Судья на ринге, пригнувшись, рубанул
– Бокс!
«Это же я», – с ужасом и восторгом подумал сегодняшний Алексей Иванович, внезапно вырываясь из освещенного квадрата ринга, словно бы высоко воспаряя над ним, а может, то была бессмертная душа Алексея Ивановича, волею черта-искусителя способная перемещаться во времени и пространстве.
А ринг внизу вдруг погас, и в кромешной тьме Алексей Иванович услышал блудливый шепоток хвостатого приятеля:
– Как картиночка? Достойна пера?.. Мчимся дальше, старик, время у меня хоть и спрессованное, да казенное…
И сразу случился летний день, и плюс тридцать по шкале Цельсия, и не сочно-зеленая, а какая-то желтоватая, будто выгоревшая трава, и грязно-белая церковь Вознесения в селе Коломенском, похожая на многоступенчатую ракету на старте, которую рисовал гениальной старческой рукой калужский мечтатель и прожектер Константин Циолковский.
– Правда, похоже на ракету? – спросила Оля. Она сидела на траве, поджав ноги в аккуратных белых тапочках и белых носочках с голубой каемочкой, обхватив их руками – ноги, естественно, а не носки, – и положив на колени острый подбородок. Внизу, под обрывом, текла узкая и грязноватая здесь Москва-река, на противоположном пологом берегу ее широко, как в известной песне, раскинулись поля, а еще подальше теснились низкие домишки не то деревеньки, не то дачного поселка.
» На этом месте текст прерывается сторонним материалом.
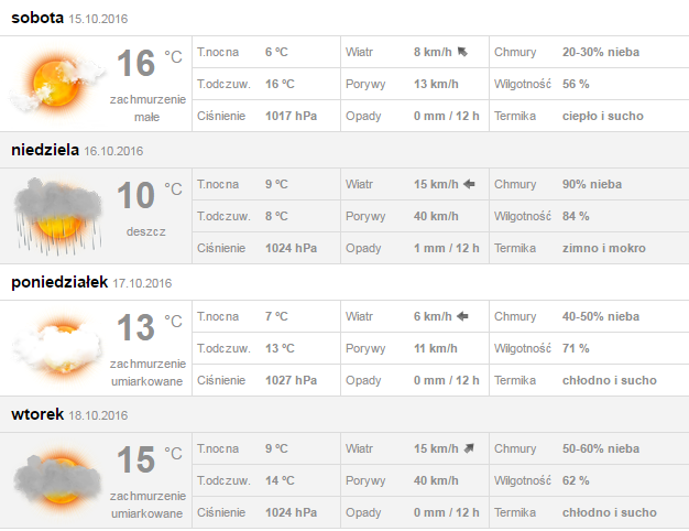 Niedziela: Pogoda się trochę pogorszy, znowu się zachmurzy, temperatura spadnie do 9-11*C. Niewykluczone są przelotne opady deszczu.

– Похоже, – согласился Алексей.
Он на траве не сидел, боясь испачкать белые, бритвенно отглаженные брюки, которые одолжил ему на день сокурсник и сокоечник Сашка Тарасов, поэт-романтик, безнадежно в Олю влюбленный. Алексею она тоже нравилась, хотя и не очень, но зато все знали, что ей очень нравится Алексей, и благородный Тарасов сидел сейчас без штанов в их комнате-пенале на Маросейке и одиноко страдал.
– Знаешь, что Сашка сочинил? – спросил Алексей, осторожным журавлем вышагивая вокруг маленькой Оли. «Еще одна ушла, оставив след багровый, на темном небе красной лентой след. Что ждет ее за чернотой покрова? Чужой звезды неверный белый свет? Чужих миров пространства голубые? Чужих небес прозрачные глубины?» Ну как?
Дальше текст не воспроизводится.